Seph came panting back. "AWWW, POO! Fearow flew away!" he sighed, a look of misery on his face. Meanwhile, Kaz was losing his sanity by the minute.
Oh, how I would love to just slice off their heads and watch them roll away down the cave trail...,
Kaz thought angrily. Instead, he walked calmy over to Seph, who was still panting and wheezing and sobbing over the loss of his beloved Pokemon."So, genuis.." Kaz mocked him. "How are we gonna get across now?"
Seph stared at Kaz with annoyance. Then he saw the Dark Dragoon Spirit hang from Kaz's neck. OF COURSE!!
"YOU FLY US ACROSS, MISTER DRAGOON MAN!" Seph shouted, and tugged at the Dragoon Spirit. The dark orb glinted in the light as Seph tried to pull it away. Kaz was pulling back.
"FINE! FINE!!" Kaz surrendered to Seph. He scowled and transformed to the Darkness Dragoon.
FLASH! DARKNESS! RAINBOW SPARKILES!
Ahem.
Kaz let Dante grip on his back first, and he flew over the pit, thinking about letting Dante fall into the shiny spikes he adored so much. It was tempting. VEEERRRYYY TEMPTING. But Dante made it alive to the other side, and Kaz continued walking forth.
"HEEEEEEEEYYYYY!" Seph cried. "WHAT ABOUT MEEEEEE??"
Kaz snickered. "I DUNNO, YOU'RE SO SMART!" he replied evily. "YOU FIGURE OUT A WAY ACROSS!" he turned to Dante. "C'mon, Dante, we gotta find that Rainbow thing."
"YAY!!" Dante cheered. "Follow me!!" And Dante bounced along the path while Kaz mosyed along, and Seph was stuck on the other side watching his so-called "friends" walk away.

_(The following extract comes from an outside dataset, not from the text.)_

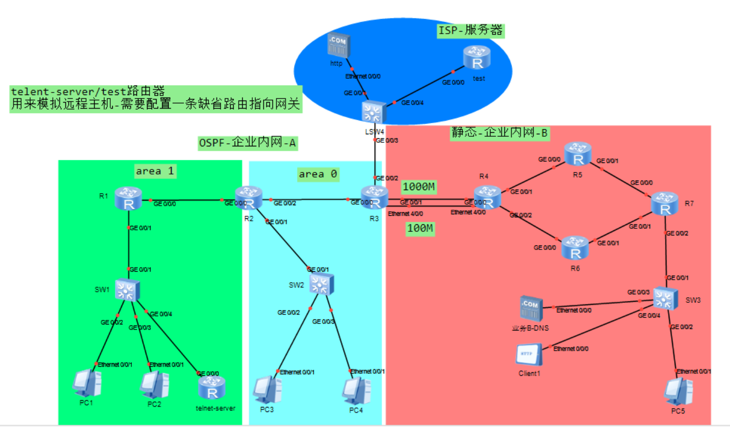 9.所有设备严格按照拓扑图标识进行配置,注意大小写。

"That's great!" Seph muttered as he sat down. "I spent my whole life with them and NOW they abandon me!" Seph sat there for a very long time, looking at the shiny spikes. "shiny" Seph commented, and waited for the other two to come back.
"HERE WE ARE!" Dante sang as he kicked open a crystal door-like thingy (caves don't have doors, though, do they? I dunno..) In there was..
THE ULTRA RARE SUPER SHINY RAINBOW SHINY THING THAT WAS WORTH MILLIONS!
And..
MYSTICAL_YUNALESCA, THE SILVER SHOYRU, WHO GUARDS
THE ULTRA RARE SUPER SHINY RAINBOW SHINY THING THAT WAS WORTH MILLIONS!